Options for South Whidbey High School now range from $25.8 million to $32.7 million

The committee charged with consolidating the Langley Middle School students and programs to the high school by 2012 will present two final cost options to the South Whidbey school board tonight.

The committee charged with consolidating the Langley Middle School students and programs to the high school by 2012 will present two final cost options to the South Whidbey school board tonight.

The total project cost for option one is $32.7 million; the total for the second option is $25.8 million.

Wednesday afternoon, the committee went through a rigid cost-cutting exercise designed to pare down the original proposal for revamping South Whidbey High School into a facility that would share space with LMS once that school is closed. The cost of the original proposal ranged from $24 million to $43.3 million.

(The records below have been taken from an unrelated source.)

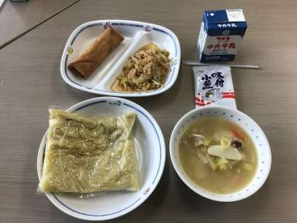 1月24日(水)〜30日(火)は、「全国学校給食週間」です。今日の献立は、とんこつラーメン、ナムル、春巻き、乾燥小魚でした。献立にラーメンが出る日は、とても少ないです。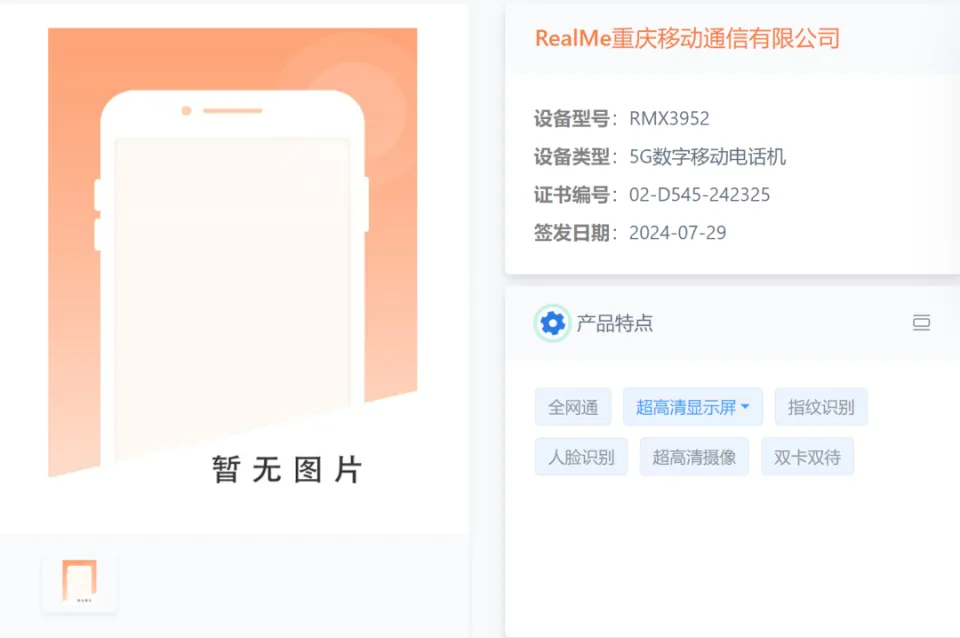 本年2月,realme真我举行了真我12 Pro系列新品发布会,正式发布了真我12 Pro和真我12 Pro+手机。如今,随着时间的推进,关于下一代真我数字系列的消息也一连出现了。日前,一款型号为RMX3952的新机现身电信装备终端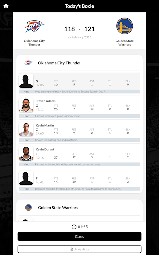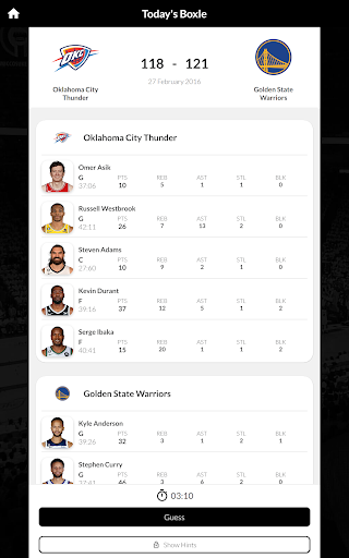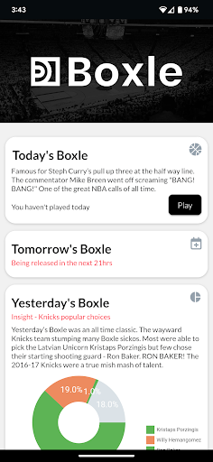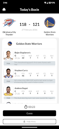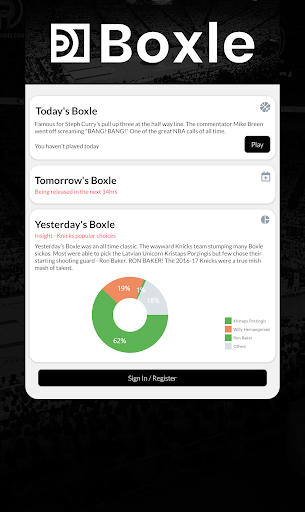 Get ready to test your knowledge with Boxle - the NBA box score guessing game. Each day, we will put up a box score from an infamous NBA game - minus the players, and it's up to you to guess who's who! Are you the biggest NBA sicko in the world? Prove it and join the fun - download the Boxel app now!

Committee members spent hours at today’s meeting, scrutinizing details such as storage needs, bathrooms requirements and adding or subtracting square footage to the project.

Many cuts were made.

Option two provides no home economics classroom or remodels of the existing wood shop and video production studio. There is no middle school field house and four classrooms were cut in favor of a single computer lab.

A $1.82 million gym survived the cut because without it, middle school athletic programs would be severely impacted and the high school facilities are unable to handle the overflow, said high school athletic director John Patton.

Middle school teacher Erik Jokinen offered a spirited defense of the field house.

“We can’t eliminate the very reasons that we want students to come here and not somewhere else,” he said.

The school board will hear details on both options as well as the process and thinking by the committee at its workshop tonight at 6:30 p.m. in the community room at the elementary school.

Subcommittee reports will be made covering the proposed bell schedule, site visits to schools which have gone through the consolidation process, a recent parent survey, common spaces, sports facilities and science, technology, engineering and math classrooms.